##### Extracted information

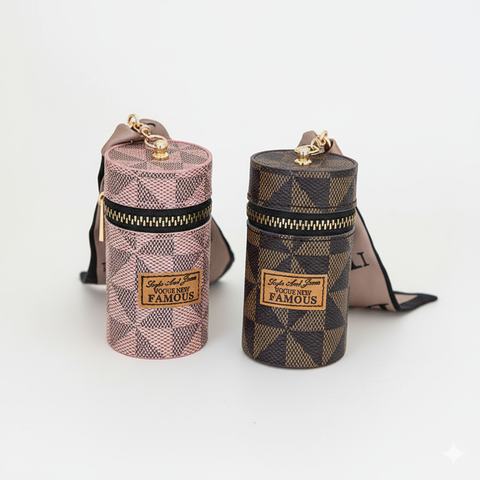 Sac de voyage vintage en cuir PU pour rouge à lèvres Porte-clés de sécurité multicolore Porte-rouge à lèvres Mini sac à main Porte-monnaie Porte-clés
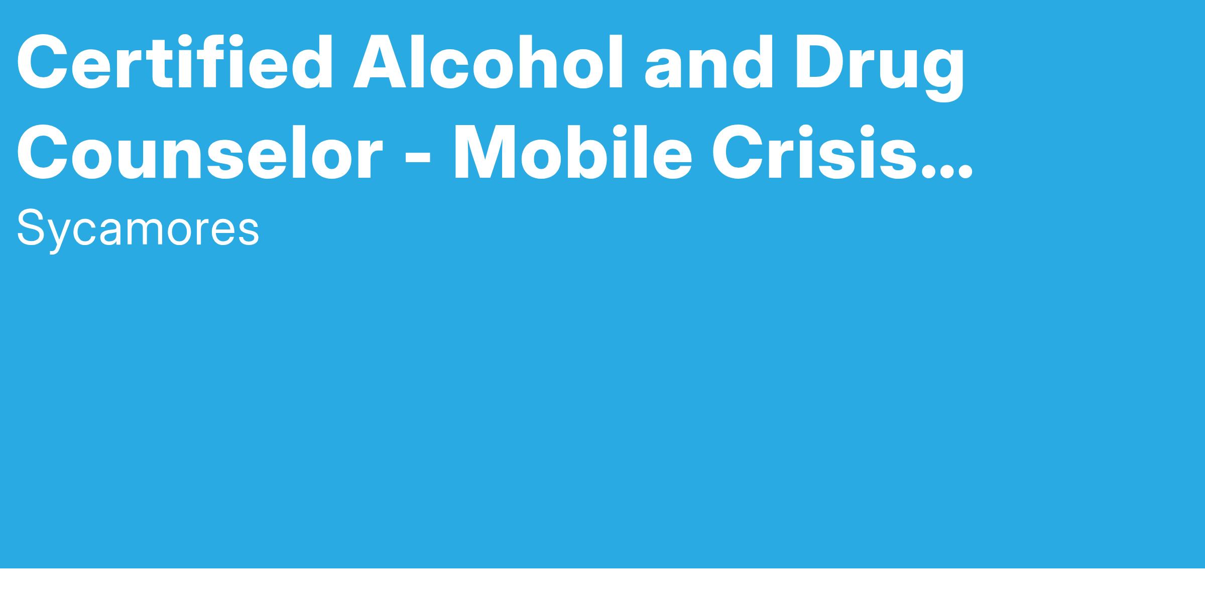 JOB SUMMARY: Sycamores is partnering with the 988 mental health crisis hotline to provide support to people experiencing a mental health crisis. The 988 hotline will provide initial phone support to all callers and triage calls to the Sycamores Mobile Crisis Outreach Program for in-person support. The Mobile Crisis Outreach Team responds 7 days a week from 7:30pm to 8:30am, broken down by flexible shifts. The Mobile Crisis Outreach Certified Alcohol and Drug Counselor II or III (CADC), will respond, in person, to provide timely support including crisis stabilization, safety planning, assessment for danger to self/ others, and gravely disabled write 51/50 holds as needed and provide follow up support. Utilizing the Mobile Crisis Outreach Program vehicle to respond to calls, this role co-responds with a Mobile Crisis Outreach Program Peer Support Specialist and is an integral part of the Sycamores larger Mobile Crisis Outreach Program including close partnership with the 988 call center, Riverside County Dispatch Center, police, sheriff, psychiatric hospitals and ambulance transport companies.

##########
##### Extracted information

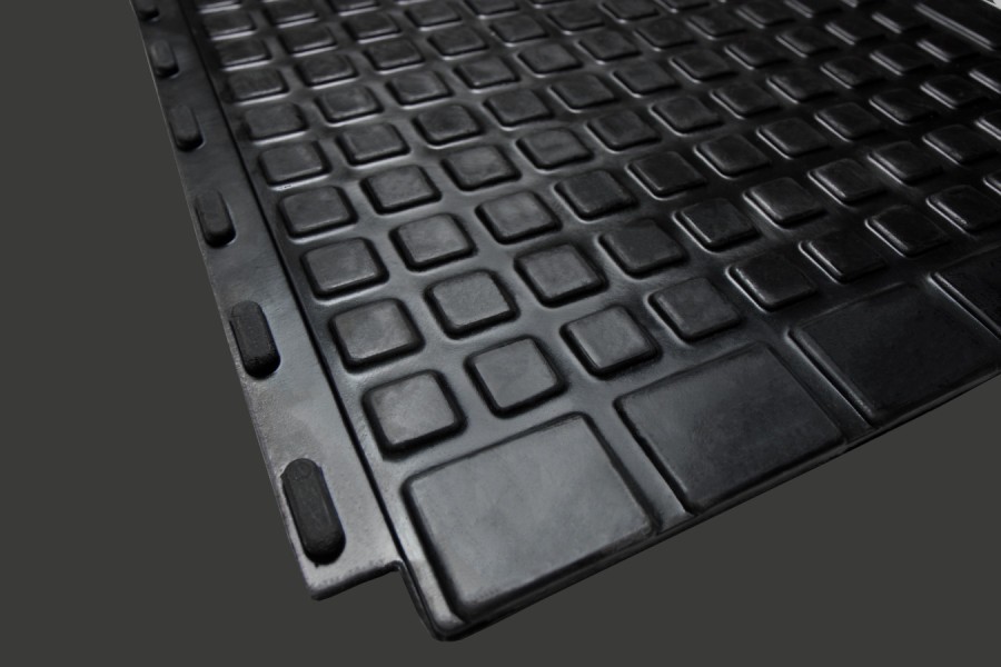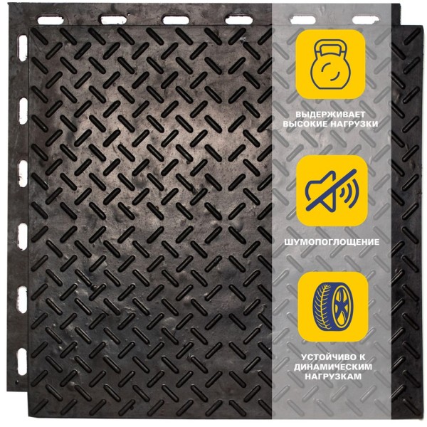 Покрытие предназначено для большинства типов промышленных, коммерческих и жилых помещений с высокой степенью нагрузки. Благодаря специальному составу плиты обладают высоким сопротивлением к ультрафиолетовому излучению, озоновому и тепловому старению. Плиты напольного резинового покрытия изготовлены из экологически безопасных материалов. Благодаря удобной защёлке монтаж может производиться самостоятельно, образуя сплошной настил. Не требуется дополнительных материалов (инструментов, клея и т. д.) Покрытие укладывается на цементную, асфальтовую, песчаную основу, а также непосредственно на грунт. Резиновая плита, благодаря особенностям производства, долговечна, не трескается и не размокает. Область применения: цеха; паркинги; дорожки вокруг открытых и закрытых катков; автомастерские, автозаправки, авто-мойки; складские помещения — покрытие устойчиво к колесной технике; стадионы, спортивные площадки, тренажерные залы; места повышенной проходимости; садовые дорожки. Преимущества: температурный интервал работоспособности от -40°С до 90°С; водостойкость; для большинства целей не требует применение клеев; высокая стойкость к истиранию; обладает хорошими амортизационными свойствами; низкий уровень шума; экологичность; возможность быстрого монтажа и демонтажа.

##########

▶ Work request
Using the data above, retype exactly the lines from the line with "Sac de voyage" to the line with "JOB SUMMARY: Sycamores", inclusive. No pictures and nothing else.

▶ Task output
 Sac de voyage vintage en cuir PU pour rouge à lèvres Porte-clés de sécurité multicolore Porte-rouge à lèvres Mini sac à main Porte-monnaie Porte-clés
 JOB SUMMARY: Sycamores is partnering with the 988 mental health crisis hotline to provide support to people experiencing a mental health crisis. The 988 hotline will provide initial phone support to all callers and triage calls to the Sycamores Mobile Crisis Outreach Program for in-person support. The Mobile Crisis Outreach Team responds 7 days a week from 7:30pm to 8:30am, broken down by flexible shifts. The Mobile Crisis Outreach Certified Alcohol and Drug Counselor II or III (CADC), will respond, in person, to provide timely support including crisis stabilization, safety planning, assessment for danger to self/ others, and gravely disabled write 51/50 holds as needed and provide follow up support. Utilizing the Mobile Crisis Outreach Program vehicle to respond to calls, this role co-responds with a Mobile Crisis Outreach Program Peer Support Specialist and is an integral part of the Sycamores larger Mobile Crisis Outreach Program including close partnership with the 988 call center, Riverside County Dispatch Center, police, sheriff, psychiatric hospitals and ambulance transport companies.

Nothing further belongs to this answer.